Pengertian Daur Ulang, Jenis, Manfaat, dan Contohnya

Diposting pada
3/5 - (2 votes)

Daur Ulang Adalah

Menjaga kelestraian lingkungan merupakan hal yang sangat penting dalam menjaga keseimbangan dan kerusakan lingkungan. Salah satu cara untuk melestarikan lingkungan adalah dnegan melakukan daur ulang. Selain memiliki manfaat untuk menjaga lingkungan, daur ulang juga dapat meningkatkan nilai ekonomis. Daur ulang merupakan salah satu cara dalam pengelolaan sampah atau limbah sehingga berdaya guna baru.

Daur ulang bermanfaat sebagai salah satu strategi pengelolaan sampah padat yang kegiatannya terdiri atas pemilahan, pengumpulan, pemprosesan, pendistribusian serta pembuatan produk/material bekas pakai serta sebagai sebuah komponen utama dalam manajemen sampah modern. Contoh barang-barang bekas yang bisa di daur ulang antara lain kertas, kain, kayu, plastik, dan lain-lain.

Daur Ulang

Daur ulang mengacu pada pengumpulan sampah atau limbah dan memprosesnya kembali sehingga dapat digunakan kembali.  Daur ulang juga dapat didefinisikan sebagai mengembalikan sumber daya ke tahap sebelumnya dalam proses siklusnya. Daur ulang (recycle), pemulihan (recovery), pemrosesan ulang (reprocessing) sampah atau limbah digunakan untuk memproduksi produk baru.

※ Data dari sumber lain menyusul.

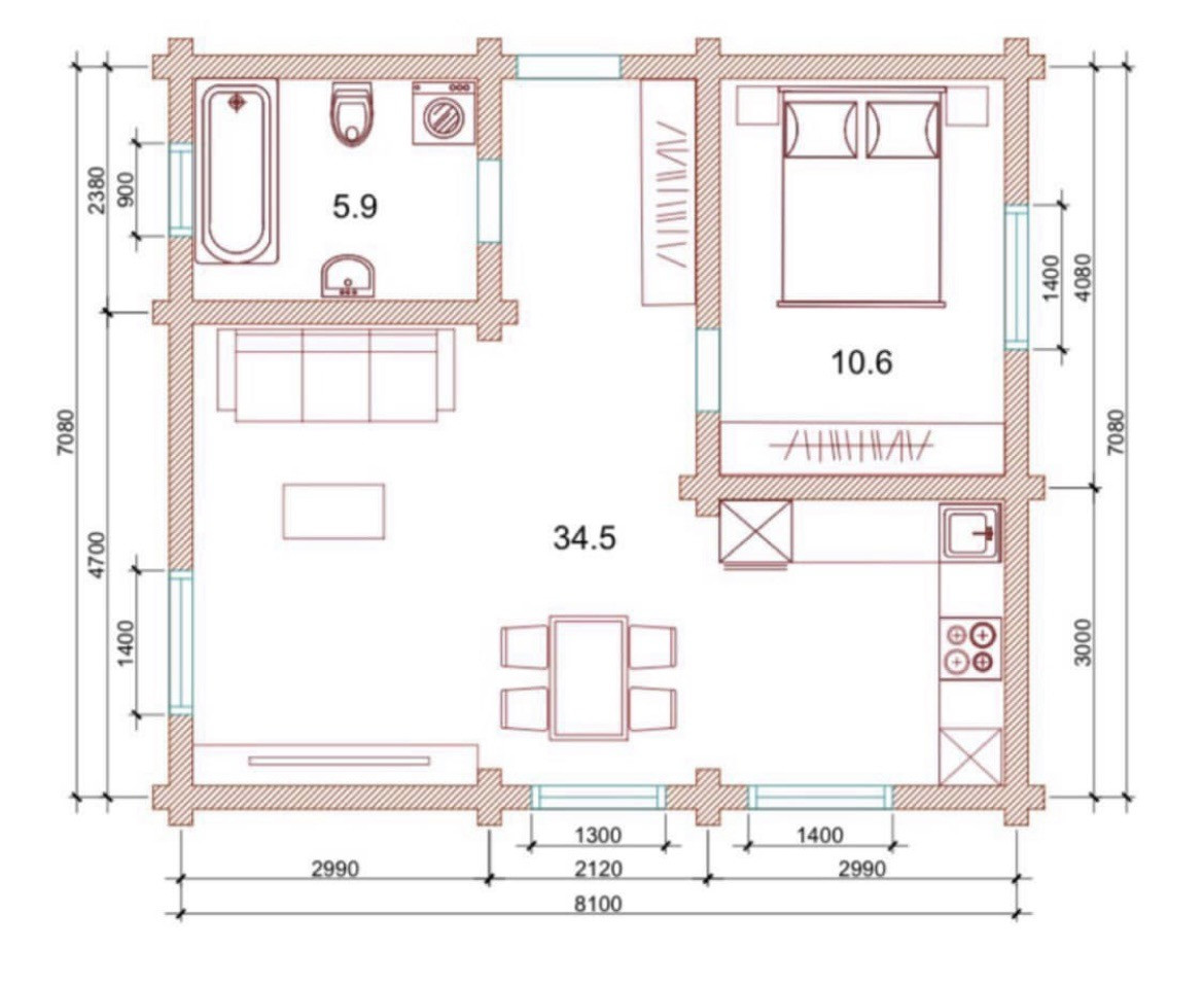 Общая площадь 55 м2

Dalam kegiatan daur ulang  mencakup tiga langkah dasar yang membentuk lingkaran secara terus menerus, hal tersebut  diwakili oleh simbol daur ulang yang sering kita temui. Langkah-langkah tersebut adalah pengumpulan bahan limbah, pemrosesan yang meliputi pengolahan dan pembuatan, dan pembelian produk tersebut yang kemudian dapat didaur ulang.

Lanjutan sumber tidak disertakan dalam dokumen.